Watcing the third installment of Lifetime's complete adaptation of V. C. Andrews' (and Andrew Neiderman's) Casteel family saga, "Fallen Hearts," is like watching a car crash: you're at once sickened by the situation and revolted at yourself for being gripped by it and unable to turn yourself away. As the writers pile on insanely melodramatic situation on top of insanely melodramatic situation, the actors mostly seem to forget everything they've ever learned about acting: one can almost sense them thinking, "Get my line out ... hit my mark ... turn to the person I'm supposed to be talking to ... get my line out and hit my mark again." "Fallen Hearts" has one genuinely good performance: Jessica Clement as Fanny Casteel, alone among the people in this movie, has found a way to reconcile the aspects of a V. C. Andrews character: her sexuality, her sleaziness, her greed and the traumas she's lived with all her life that have made her that way and shaped her evil. Other than that, the acting in this movie is at a strictly professional level, not downright bad but not particularly good either.
I've long had a theory that actor-directors seem to have a unique gift in getting understated performances out of their casts - even actor-directors who as actors were unmitigated hams, like Erich von Stroheim and Orson Welles. Among modern-day (albeit getting on in years) actor-directors I've especially liked Clint Eastwood and Robert Redford for not only selecting compelling stories to film for their movies in which they direct but don't act (and sometimes, like Redford's "The Horse Whisperer," in which they direct and do act) but for getting their actors to play in subtle and understated ways. Alas, either Jason Priestley doesn't have the chops in terms of working with fellow actors Eastwood and Redford do or - as I suspect - he realized early on in this project that a V. C. Andrews/Andrew Neiderman story requires a certain amount of scenery-chewing and that trying to get understated performances from his cast would have only made the movie seem even sillier.

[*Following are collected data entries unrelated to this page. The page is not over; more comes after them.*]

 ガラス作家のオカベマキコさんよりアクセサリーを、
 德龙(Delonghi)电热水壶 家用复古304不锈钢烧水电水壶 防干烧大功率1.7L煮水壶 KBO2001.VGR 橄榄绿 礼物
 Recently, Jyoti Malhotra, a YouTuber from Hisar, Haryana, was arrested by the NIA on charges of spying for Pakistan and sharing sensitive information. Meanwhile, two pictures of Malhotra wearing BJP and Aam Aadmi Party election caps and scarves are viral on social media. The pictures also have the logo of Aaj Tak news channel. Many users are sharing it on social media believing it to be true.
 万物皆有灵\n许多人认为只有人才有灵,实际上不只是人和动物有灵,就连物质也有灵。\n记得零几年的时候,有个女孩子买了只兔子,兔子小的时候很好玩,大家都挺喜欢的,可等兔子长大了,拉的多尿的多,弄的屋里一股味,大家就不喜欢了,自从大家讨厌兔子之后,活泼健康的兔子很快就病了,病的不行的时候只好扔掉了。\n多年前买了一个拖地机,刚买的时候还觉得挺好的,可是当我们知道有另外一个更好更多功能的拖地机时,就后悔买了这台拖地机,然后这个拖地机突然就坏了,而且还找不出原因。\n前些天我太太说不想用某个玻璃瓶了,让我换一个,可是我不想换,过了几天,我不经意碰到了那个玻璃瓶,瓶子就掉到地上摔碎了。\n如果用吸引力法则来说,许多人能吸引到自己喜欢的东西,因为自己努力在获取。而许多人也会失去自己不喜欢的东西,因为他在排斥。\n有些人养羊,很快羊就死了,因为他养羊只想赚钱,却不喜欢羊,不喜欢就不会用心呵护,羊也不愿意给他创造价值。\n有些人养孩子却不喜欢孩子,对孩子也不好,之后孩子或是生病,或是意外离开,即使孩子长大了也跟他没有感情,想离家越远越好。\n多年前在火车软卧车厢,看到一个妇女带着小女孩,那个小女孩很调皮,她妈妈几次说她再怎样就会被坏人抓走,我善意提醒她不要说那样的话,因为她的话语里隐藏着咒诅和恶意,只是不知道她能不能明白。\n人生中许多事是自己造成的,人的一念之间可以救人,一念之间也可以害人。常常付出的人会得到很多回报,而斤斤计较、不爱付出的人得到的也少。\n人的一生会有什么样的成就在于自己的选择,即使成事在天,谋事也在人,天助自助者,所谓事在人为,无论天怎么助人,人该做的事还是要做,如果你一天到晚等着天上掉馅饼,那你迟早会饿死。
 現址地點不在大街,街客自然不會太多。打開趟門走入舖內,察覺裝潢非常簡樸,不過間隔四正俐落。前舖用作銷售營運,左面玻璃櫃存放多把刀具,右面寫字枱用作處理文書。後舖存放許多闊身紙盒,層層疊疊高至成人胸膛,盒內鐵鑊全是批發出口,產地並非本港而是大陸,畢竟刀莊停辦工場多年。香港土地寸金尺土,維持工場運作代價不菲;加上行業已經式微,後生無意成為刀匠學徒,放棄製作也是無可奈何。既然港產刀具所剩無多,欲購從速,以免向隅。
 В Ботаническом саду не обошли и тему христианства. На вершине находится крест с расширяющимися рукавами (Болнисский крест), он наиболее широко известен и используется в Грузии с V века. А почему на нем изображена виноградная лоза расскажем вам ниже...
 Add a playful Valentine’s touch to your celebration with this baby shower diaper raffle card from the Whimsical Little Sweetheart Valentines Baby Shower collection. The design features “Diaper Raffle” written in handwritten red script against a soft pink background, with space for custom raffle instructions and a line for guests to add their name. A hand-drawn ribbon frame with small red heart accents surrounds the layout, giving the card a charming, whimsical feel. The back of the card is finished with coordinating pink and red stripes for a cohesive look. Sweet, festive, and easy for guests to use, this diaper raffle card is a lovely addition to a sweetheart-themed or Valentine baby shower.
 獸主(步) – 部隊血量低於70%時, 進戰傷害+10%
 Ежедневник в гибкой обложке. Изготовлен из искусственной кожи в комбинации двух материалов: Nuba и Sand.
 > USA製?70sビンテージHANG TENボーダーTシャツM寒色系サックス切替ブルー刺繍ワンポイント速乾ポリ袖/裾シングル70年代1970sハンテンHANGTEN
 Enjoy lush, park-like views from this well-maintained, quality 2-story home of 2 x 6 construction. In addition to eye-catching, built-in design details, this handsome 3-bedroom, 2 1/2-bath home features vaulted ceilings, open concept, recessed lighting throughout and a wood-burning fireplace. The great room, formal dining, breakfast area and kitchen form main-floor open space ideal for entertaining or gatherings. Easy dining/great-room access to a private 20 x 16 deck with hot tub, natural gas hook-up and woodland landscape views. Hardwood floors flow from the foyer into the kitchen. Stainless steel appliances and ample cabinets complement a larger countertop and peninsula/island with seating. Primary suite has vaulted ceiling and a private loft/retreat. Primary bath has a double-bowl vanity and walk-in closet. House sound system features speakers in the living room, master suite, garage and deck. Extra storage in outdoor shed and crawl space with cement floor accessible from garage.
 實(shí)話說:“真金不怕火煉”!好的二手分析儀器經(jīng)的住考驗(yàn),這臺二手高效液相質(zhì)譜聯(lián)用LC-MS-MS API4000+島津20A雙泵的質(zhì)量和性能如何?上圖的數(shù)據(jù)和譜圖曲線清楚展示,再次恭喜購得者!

No doubt there's still an audience for this sort of Southern-fried Gothic melodrama - Lifetime's first forays into Andrewsiana, "Flowers in the Attic" (based on Andrews' 1979 debut novel) and the sequel "Petals in the Wind" were huge ratings winners for them - but I've found myself alternately infuriated by the movies in the Casteel sequence and drawn to them in a sick fascination, wondering just how low these storytellers can go and how many plot contrivances they can stick on top of each other until Verdi's notoriously nonsensical opera "Il Trovatore" looks like cinema verité by comparison.